What to produce: The line containing "为了满足各大医院日益增长的缴" marks the end; return exactly every line from the start of the records up to and including it, but no pictures.

Input data:
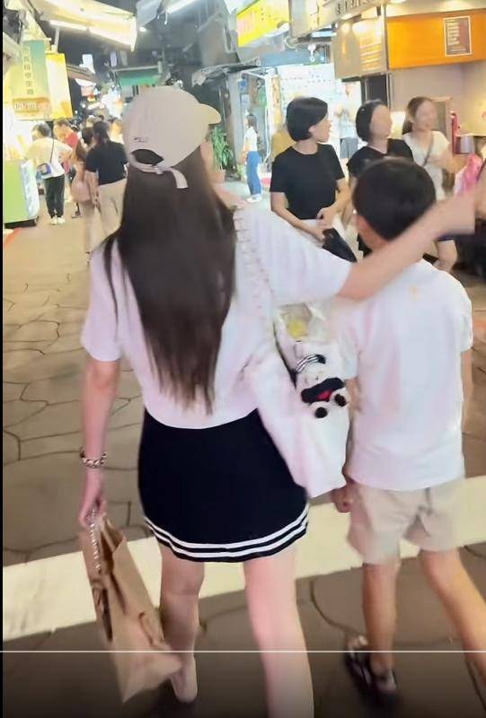 不得不说她的身材比例确实很棒,这种穿搭腿看起来还这么修长。
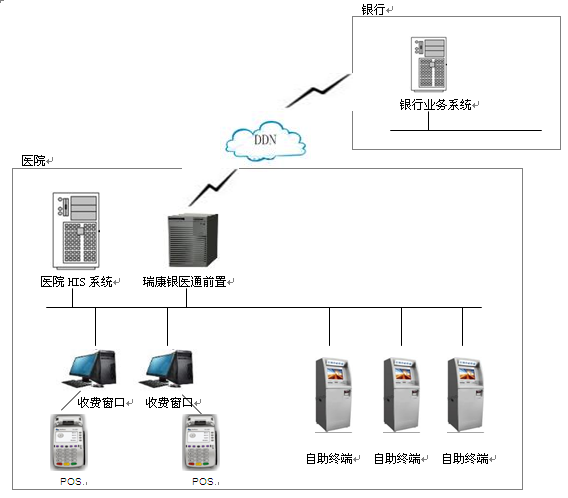 为了满足各大医院日益增长的缴费需求,缓解医院排队缴费困境,南京瑞康资讯有限公司提出银医通系统的解决方案,在本方案中银医通包括两个部分,一部分是窗口银行卡收费,一部分是自助终端银行卡支付。
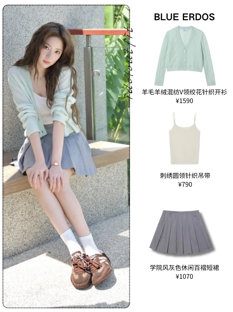 孙乐言这套BLUE ERDOS羊绒穿搭直接戳中我心巴💘满是爱心刺绣的心愿针织两件套,软糯的羊毛羊绒面料,贴肤又轻盈,满屏都是春日呼吸感✨内搭白衬衫背心+藏青荷叶边短裙,经典学院风拉满,层次感超丰富! 欧阳娣娣这套奶fufu的羊绒穿搭也很治愈🌿浅薄荷绿的V领绞花开衫,羊绒材质软糯轻盈,完美诠释早春呼吸感穿搭~低饱和色系的色彩叠穿,温柔又有层次,也是ins上很火的松弛感穿搭趋势,春天穿这套出门,满屏都是生命力💚 欧阳娣娣同款女明星穿搭明星同款羊绒衫羊绒穿搭少女感穿搭穿搭灵感RED明星热力风向标
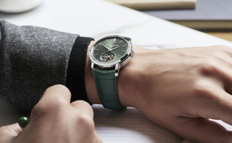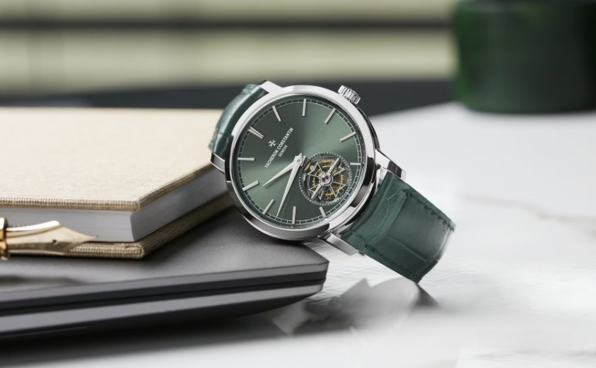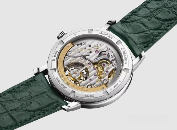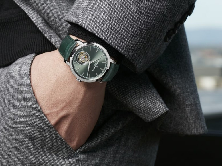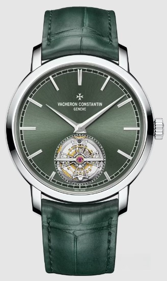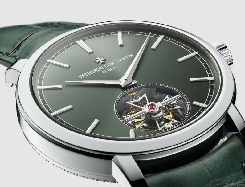 Часовая мануфактура Vacheron Constantin представила новинку. Речь идет о Tourbillon Traditionelle в платиновом корпусе с зеленым циферблатом. Это первый автоматический турбийон от Vacheron Constantin. Новый Traditionelle Tourbillon обладает мануфактурным Калибром 2160 с балансовой частотой 18 000 пк/час. Это низкочастотный автоматический турбийон с открытой клетью в форме мальтийского креста. Толщина механизма составляет 5.65 мм. Автоматический механизм имеет сложный спуск, его запас хода составляет 80 часов.
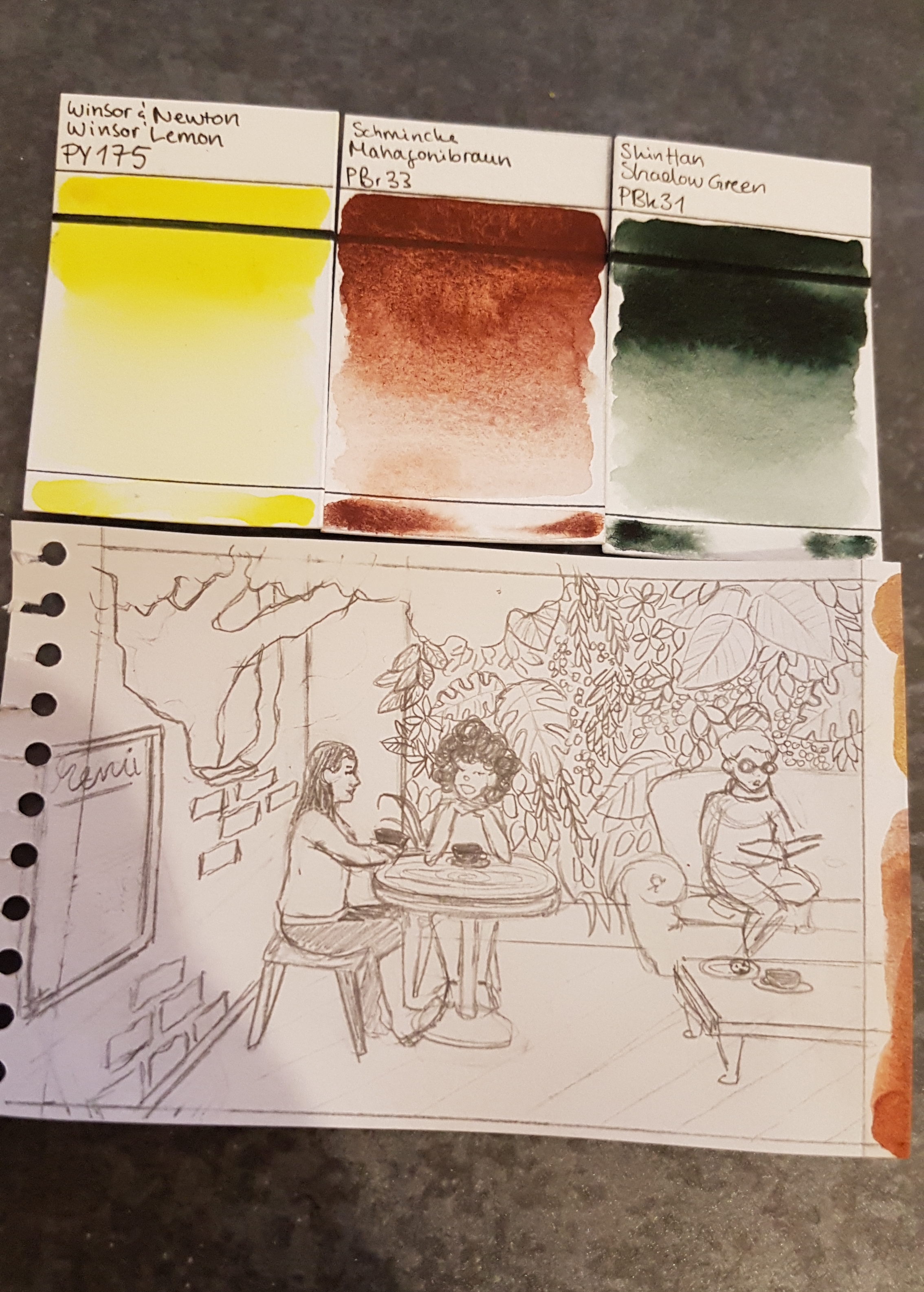 Hellgelb (Winsor & Newton - Winsor Lemon), Dunkelbraun (Schmincke - Mahagonibraun), Dunkelgrün (ShinHan - Shadow Green)

Answer to the problem:
 不得不说她的身材比例确实很棒,这种穿搭腿看起来还这么修长。
 为了满足各大医院日益增长的缴费需求,缓解医院排队缴费困境,南京瑞康资讯有限公司提出银医通系统的解决方案,在本方案中银医通包括两个部分,一部分是窗口银行卡收费,一部分是自助终端银行卡支付。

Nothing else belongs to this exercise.